- [Exercise prompt]
Of the lines in the data below, write out exactly those from the one holding "接著往鍋中加入一勺的鹽巴和一勺的味精。" through the one holding "Paul walked back", both included.

- [Entries provided]
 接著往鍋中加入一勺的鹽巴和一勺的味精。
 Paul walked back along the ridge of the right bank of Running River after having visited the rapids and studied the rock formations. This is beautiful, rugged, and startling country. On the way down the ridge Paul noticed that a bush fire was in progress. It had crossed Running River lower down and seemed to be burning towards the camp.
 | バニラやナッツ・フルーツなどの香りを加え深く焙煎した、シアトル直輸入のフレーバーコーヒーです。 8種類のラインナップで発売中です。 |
...
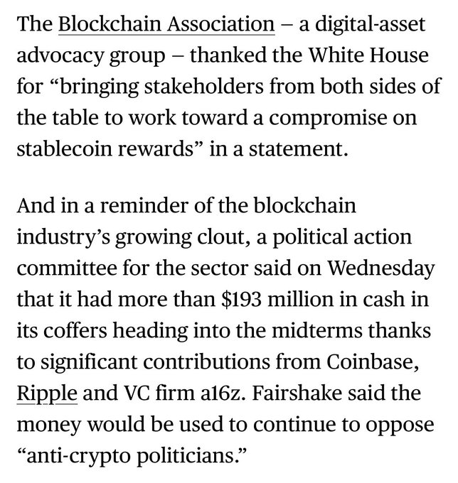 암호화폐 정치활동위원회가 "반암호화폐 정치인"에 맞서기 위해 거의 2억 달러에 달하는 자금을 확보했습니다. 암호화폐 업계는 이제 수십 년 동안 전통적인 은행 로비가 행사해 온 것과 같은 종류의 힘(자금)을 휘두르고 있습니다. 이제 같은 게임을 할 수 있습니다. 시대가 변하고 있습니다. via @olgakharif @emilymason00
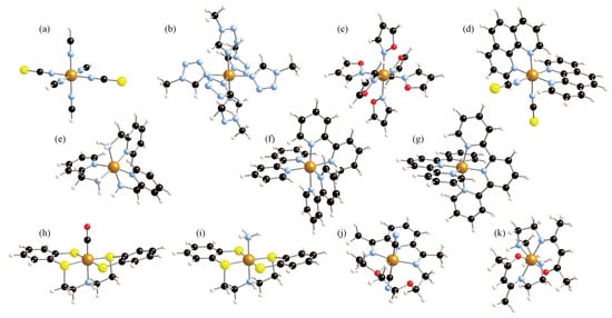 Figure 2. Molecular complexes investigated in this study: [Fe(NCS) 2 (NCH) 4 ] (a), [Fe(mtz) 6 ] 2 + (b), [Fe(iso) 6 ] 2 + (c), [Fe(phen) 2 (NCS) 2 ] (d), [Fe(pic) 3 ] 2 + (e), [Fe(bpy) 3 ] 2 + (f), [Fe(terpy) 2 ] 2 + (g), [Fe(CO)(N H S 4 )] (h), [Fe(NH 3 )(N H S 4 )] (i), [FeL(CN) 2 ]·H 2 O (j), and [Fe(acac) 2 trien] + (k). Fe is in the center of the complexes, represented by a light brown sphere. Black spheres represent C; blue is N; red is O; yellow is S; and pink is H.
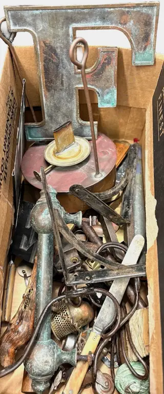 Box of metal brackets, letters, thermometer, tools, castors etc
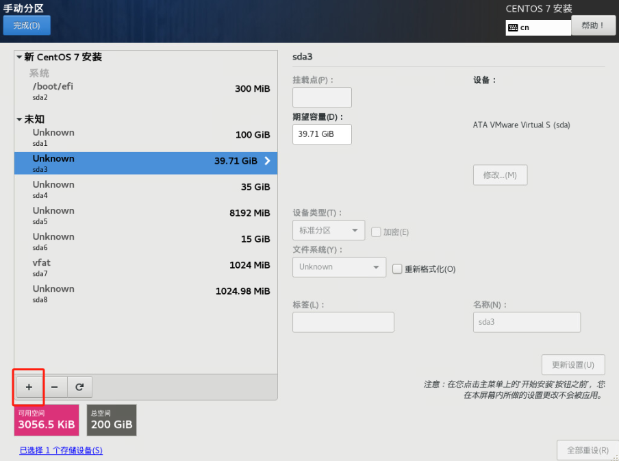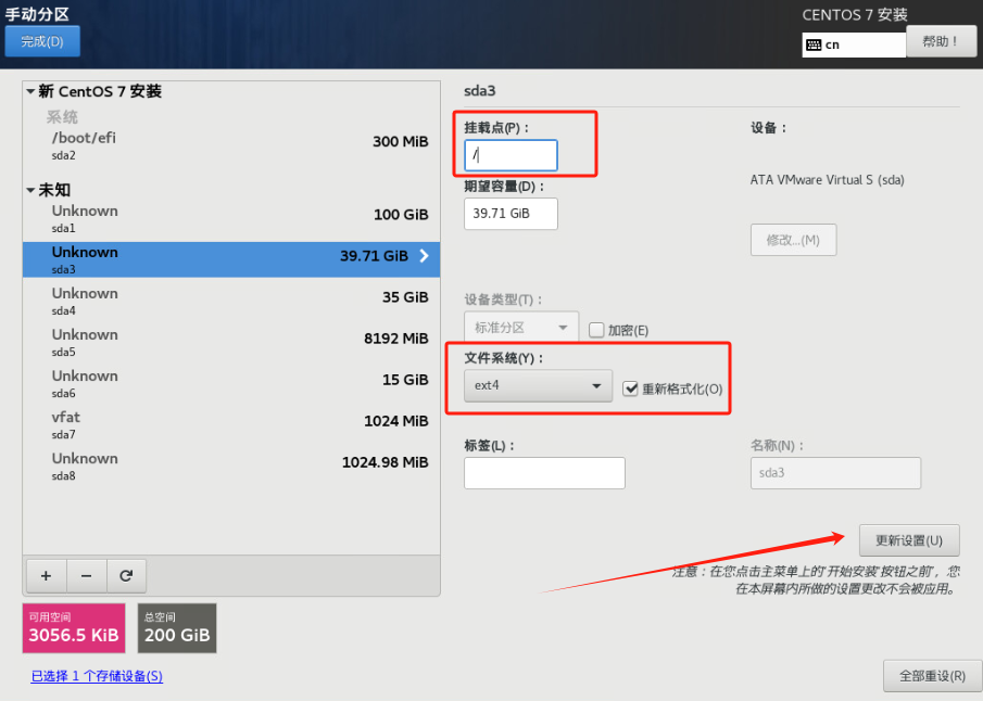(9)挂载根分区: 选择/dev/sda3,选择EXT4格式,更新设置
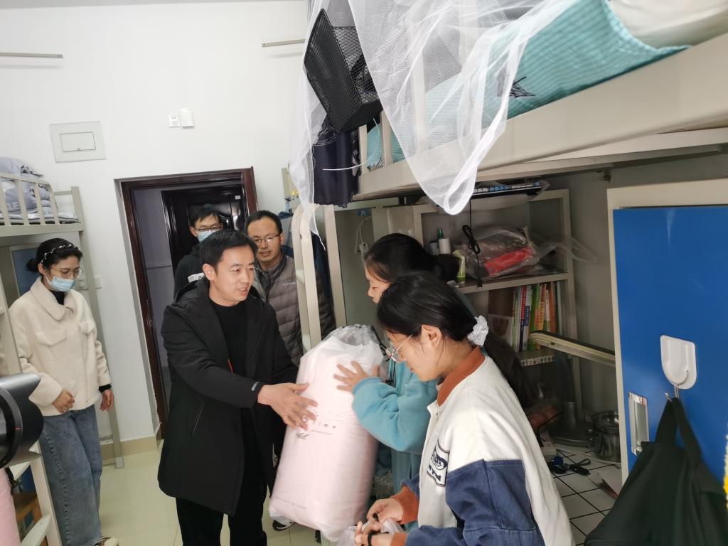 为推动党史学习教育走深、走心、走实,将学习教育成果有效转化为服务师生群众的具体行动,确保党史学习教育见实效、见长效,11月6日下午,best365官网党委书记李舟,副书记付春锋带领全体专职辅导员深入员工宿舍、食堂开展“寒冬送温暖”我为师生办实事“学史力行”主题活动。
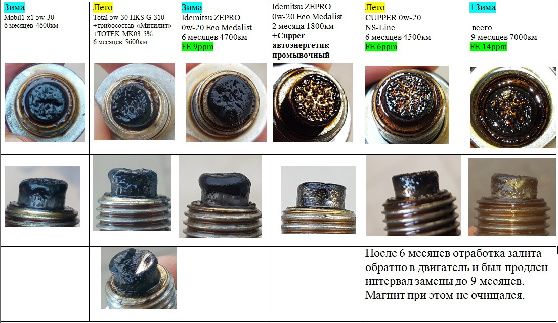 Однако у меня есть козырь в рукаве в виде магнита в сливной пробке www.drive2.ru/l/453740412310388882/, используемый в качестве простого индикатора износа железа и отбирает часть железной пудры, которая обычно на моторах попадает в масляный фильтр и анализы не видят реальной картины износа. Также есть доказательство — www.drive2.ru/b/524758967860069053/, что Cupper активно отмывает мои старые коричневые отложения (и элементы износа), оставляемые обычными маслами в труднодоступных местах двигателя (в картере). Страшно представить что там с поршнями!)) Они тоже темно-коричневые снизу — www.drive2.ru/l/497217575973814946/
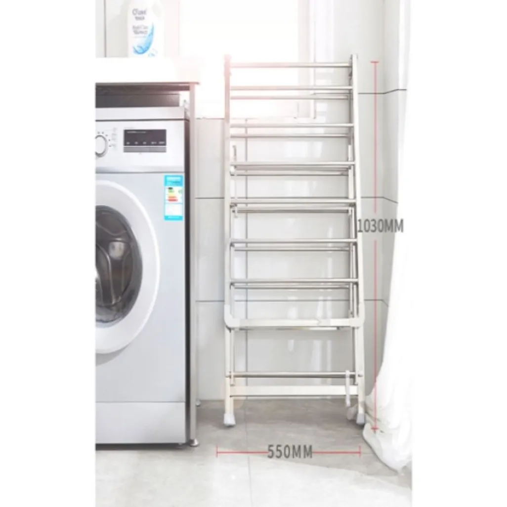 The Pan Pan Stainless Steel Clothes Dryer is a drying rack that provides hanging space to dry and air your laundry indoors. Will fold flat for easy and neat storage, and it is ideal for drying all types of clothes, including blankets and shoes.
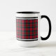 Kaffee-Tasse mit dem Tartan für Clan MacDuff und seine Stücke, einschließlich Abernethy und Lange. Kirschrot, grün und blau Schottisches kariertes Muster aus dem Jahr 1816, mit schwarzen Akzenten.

- [Task solution]
 接著往鍋中加入一勺的鹽巴和一勺的味精。
 Paul walked back along the ridge of the right bank of Running River after having visited the rapids and studied the rock formations. This is beautiful, rugged, and startling country. On the way down the ridge Paul noticed that a bush fire was in progress. It had crossed Running River lower down and seemed to be burning towards the camp.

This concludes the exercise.